BEGIN Records for this task

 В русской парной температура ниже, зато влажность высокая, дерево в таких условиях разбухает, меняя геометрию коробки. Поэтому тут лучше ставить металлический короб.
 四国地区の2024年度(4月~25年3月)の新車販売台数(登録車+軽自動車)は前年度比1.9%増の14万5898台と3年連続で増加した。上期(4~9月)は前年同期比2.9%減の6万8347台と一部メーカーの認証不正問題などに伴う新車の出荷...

END Records for this task
BEGIN Records for this task

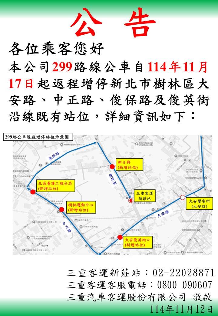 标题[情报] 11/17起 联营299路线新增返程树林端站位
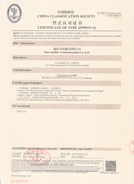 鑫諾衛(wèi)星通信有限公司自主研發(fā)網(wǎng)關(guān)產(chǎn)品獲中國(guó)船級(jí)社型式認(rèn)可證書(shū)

END Records for this task

◆ **Activity**
All that is wanted is a faithful reproduction of the line above with "В русской парной", the line with "四国地区の2024年度(4月", and every line in between.

◆ **Task output**
 В русской парной температура ниже, зато влажность высокая, дерево в таких условиях разбухает, меняя геометрию коробки. Поэтому тут лучше ставить металлический короб.
 四国地区の2024年度(4月~25年3月)の新車販売台数(登録車+軽自動車)は前年度比1.9%増の14万5898台と3年連続で増加した。上期(4~9月)は前年同期比2.9%減の6万8347台と一部メーカーの認証不正問題などに伴う新車の出荷...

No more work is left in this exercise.